Marissa Alexander Could Have Bond Revoked

[UPDATE- January 10, 2014: Court Records today show the state’s motion to revoke Marissa Alexander’s bond has been denied]

Supporters of Marissa Alexander are upset, alleging Florida’s Attorney General Angela Corey has made blatantly false accusations that Marissa has violated terms of her bond, and her attorney Bruce Zimet has filed a response asking the court to deny the state’s motion to revoke the bond.

According to the AG office, within days of her release on bond while waiting for a new trial, Marissa Alexander did all the things ordinary people do – got a new driver’s license, went to the bank, went shopping for clothes, or drove relatives to a hair shop and the airport.

But all the “ordinary” things she did were in violation of court orders, and could land her back in jail this Friday, reports the Florida Times-Union.

marissa alexander
marissa alexander

Marissa is not in a position to do ordinary things.
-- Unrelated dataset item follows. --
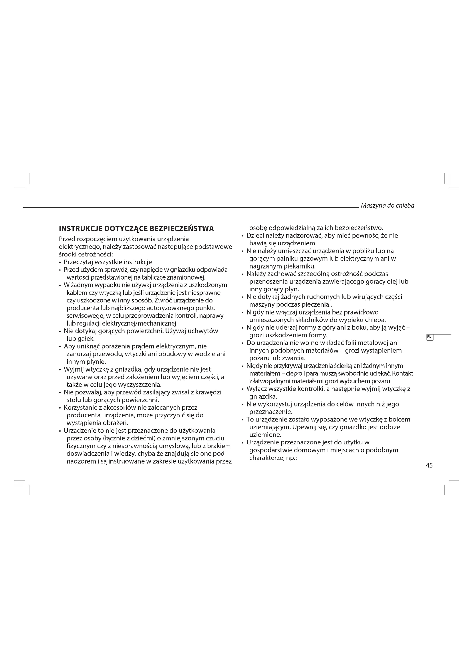 - Nigdy nie włączaj urządzenia bez prawidłowo umieszczonych składników do wypieku chleba.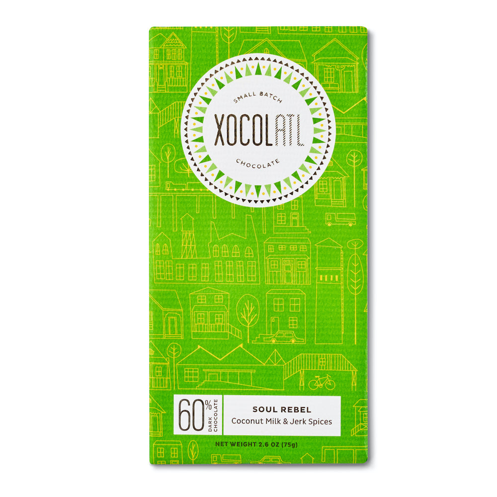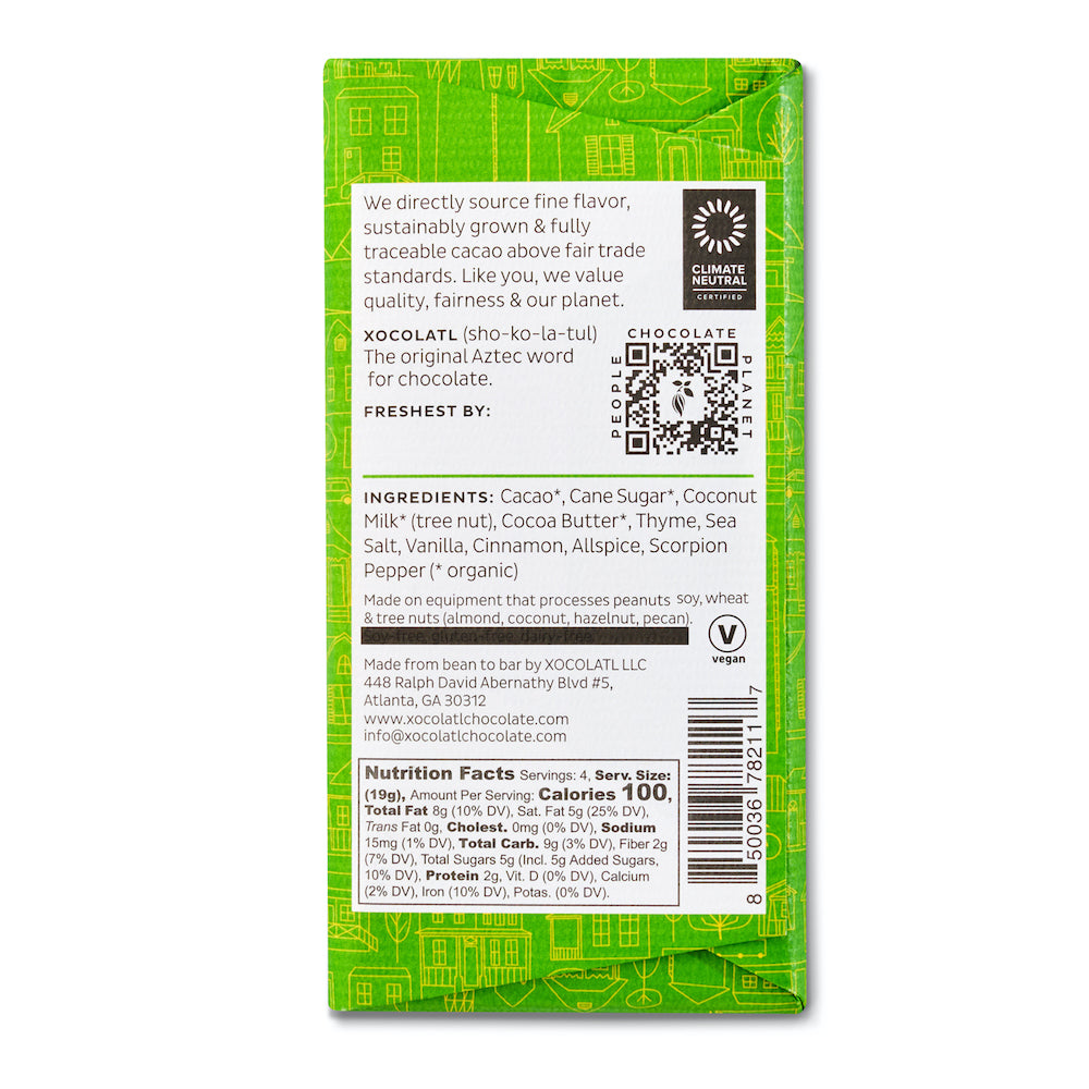 Nicaraguan Cacao, Organic Cane Sugar, Organic Coconut Milk, Jamaican Jerk Spices (thyme, cinnamon, allspice, sea salt, scorpion pepper).

On October 31st she was granted a new trial date of March 31, 2014. She was released November 27th on three bonds – totalling over $250,000 – on home detention, or house arrest, until trial, and wasn’t supposed to leave home except for court, medical emergencies or to satisfy any requirements of her pretrial services program, like a drug test.
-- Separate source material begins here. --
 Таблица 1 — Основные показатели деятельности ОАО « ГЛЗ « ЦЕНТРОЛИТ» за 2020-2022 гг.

In a motion filed Monday to have the bond revoked, State Attorney General Angela Corey’s office said Marissa is “once again violating the court’s orders, and this court should not continue to allow itself to be disrespected in such blatant fashion.” A hearing on the motion is this Friday, January 10th.

Marissa is also not allowed to possess or be near any firearms, can’t consume any alcohol or drugs, and is subject to random drug tests and searches.
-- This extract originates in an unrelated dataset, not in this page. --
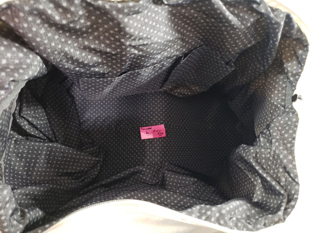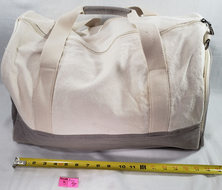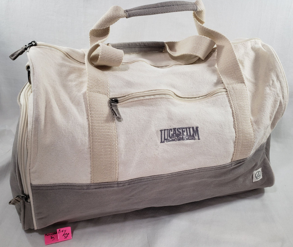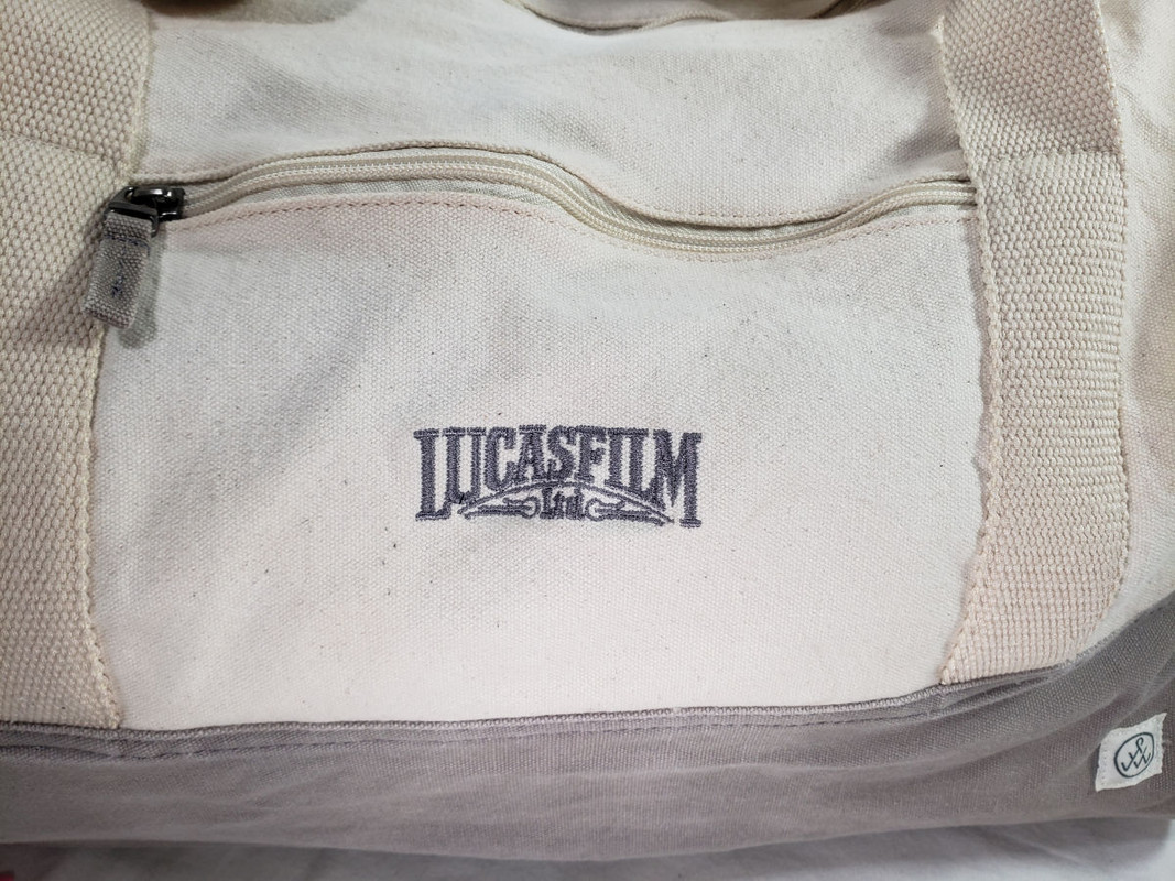 Lucasfilm Crew Duffel Bag The bag will be shipped collapsed flat and folded over flat. This will cause the pliable cardboard bottom of the bag to fold. In order to retain the original flat bottom, expand the bag and use it normally. The material of the bag is not stated on its tag, but the material feels like a natural fiber such as cotton or canvas. Check out the pictures below for more detail. |

She was ordered (again) not to have any contact whatsoever with the “victim” Rico Gray or his two boys. Yet, the AG office also alleges that besides running errands, Marissa has paid a visit to Gray’s brother since her release.

Zimet’s response states that Marissa requested permission from Correctional Services Counselor April Wilson for each trip she took away from home, that Wilson authorized and gave permission for each trip listed in the state’s motion to revoke the bond, but the state failed to include these facts in its motion.

Zimet stated, “No justification supports the state’s failure to include in it’s motion the fact that every activity alleged to be a violation of bond had been approved. Obviously, including those omitted facts would expose the frivolity of the State’s Motion.”

Marissa, now 33 years-old, had served part of a 20 year sentence for aggravated assault with a deadly weapon for firing what she described as a warning shot. The appellate court reversed her conviction, ruling that jury instructions on self-defense were erroneous. At trial, the only real issue was whether she had acted in self-defense when she fired the gun.

In her appeal, Marissa maintained that the trial court abused its discretion, by giving self-defense instructions to the jury that improperly put the burden on her to establish – beyond a reasonable doubt – that Rico Gray, her fiance, was committing or was about to commit an aggravated battery when she fired the gun.

Under Florida’s 10-20-Life statutes, anyone who pulls a gun during the commission of a crime receives a mandatory 10-year sentence. Firing a gun during a crime draws 20 years.

Marissa has many supporters including those who have called on Corey’s office to drop the charges, rather than taking the case to trial again.

The case not only exemplifies domestic violence issues but also the misapplication of stand your ground laws, because, per Florida law, it appears that Marissa would originally have deserved immunity from prosecution, but it was denied.